### 题目

Given an unsorted array nums, reorder it such that nums[0] < nums[1] > nums[2] < nums[3]….

Example:

(1) Given nums = [1, 5, 1, 1, 6, 4], one possible answer is [1, 4, 1, 5, 1, 6].
(2) Given nums = [1, 3, 2, 2, 3, 1], one possible answer is [2, 3, 1, 3, 1, 2].


Note: You may assume all input has valid answer.
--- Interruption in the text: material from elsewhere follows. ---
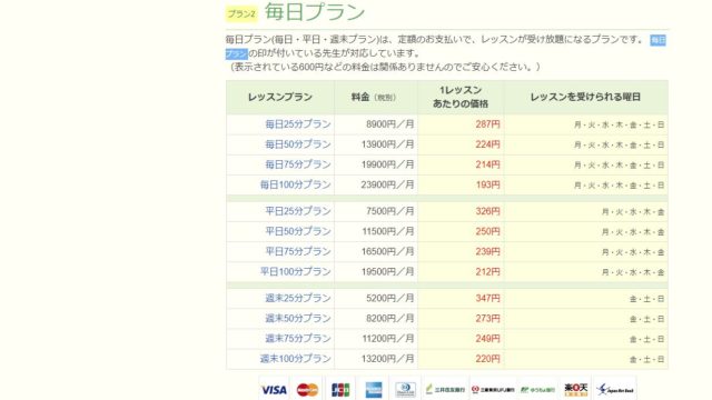 ちなみに、私は毎日プランの25分×2コマのコースで申し込みしました。毎日50分授業を受けれて月に13,900円です。レッスン一コマ辺りの値段は約224円です。

Follow Up: Can you do it in O(n) time and/or in-place with O(1) extra space?

### 先排序, $O(n\log_{}{n})$

[1,5,2,1,6,4]为例，排序以后得到[1,1,2,4,5,6]，以中位数为界把数组分为两半[1,1,2][4,5,6]

2,      1,      1
6,      5,      4
-------------------------
2,  6,  1,  5,  1,  4


#### 代码

class Solution {
public void wiggleSort(int[] nums) {
int[] copy = Arrays.copyOf(nums,nums.length);
Arrays.sort(copy);
int mid = (nums.length - 1) / 2;
for (int i = mid, j = 0; i >= 0; i--,j+=2) {
nums[j] = copy[i];
}
for (int i = nums.length-1, j = 1; i > mid; i--, j+=2) {
nums[j] = copy[i];
}
}
}


### 可以不排序，只需找到中位数，$O(n)$

[L1,M,S1,S2,L2,L3]


[S1,S2,M,L1,L2,L3]


[S1,S2]的相对顺序，[L1,L2,L3]的相对顺序不影响结果。最后只要符合下面这个格式的插入都是合法的结果。

Index :       0   1   2   3   4   5
Small half:   M       S       S
Large half:       L       L       L


#### 代码

class Solution {
private int[] copy = new int[0];
public void wiggleSort(int[] nums) {
local(nums);
int midIndex = (nums.length - 1) / 2;
int mid = kthLargest(midIndex);
int even = 0;
for (int i = midIndex; i >= 0; i--) {
nums[even] = copy[i];
even += 2;
}
int odd = ((nums.length - 1) % 2 == 0)? nums.length - 2 : nums.length - 1;
for (int i = midIndex + 1; i < copy.length; i++) {
nums[odd] = copy[i];
odd -= 2;
}
}
private void local(int[] nums) {
copy = Arrays.copyOf(nums,nums.length);
}
private int kthLargest(int k) {
int[] pivot = new int[]{-1,-1};
int lo = 0, hi = copy.length-1;
while (true) {
pivot = threeWayPartition(lo,hi);
if (pivot[1] < k) {
lo = pivot[1] + 1;
} else if (pivot[0] > k) {
hi = pivot[0] - 1;
} else {
return copy[pivot[0]];
}
}
}
private int[] threeWayPartition(int lo, int hi) {
int pivot = copy[hi];
exch(lo,hi);
for (int i = lo + 1; i <= hi; ) {
int num = copy[i];
if (num < pivot) {
exch(lo++,i++);
} else if (num > pivot){
exch(hi--,i);
} else {
i++;
}
}
int[] res = new int[2];
res[0] = lo;
res[1] = hi;
return res;
}
private void exch(int x, int y) {
int temp = copy[x];
copy[x] = copy[y];
copy[y] = temp;
}
}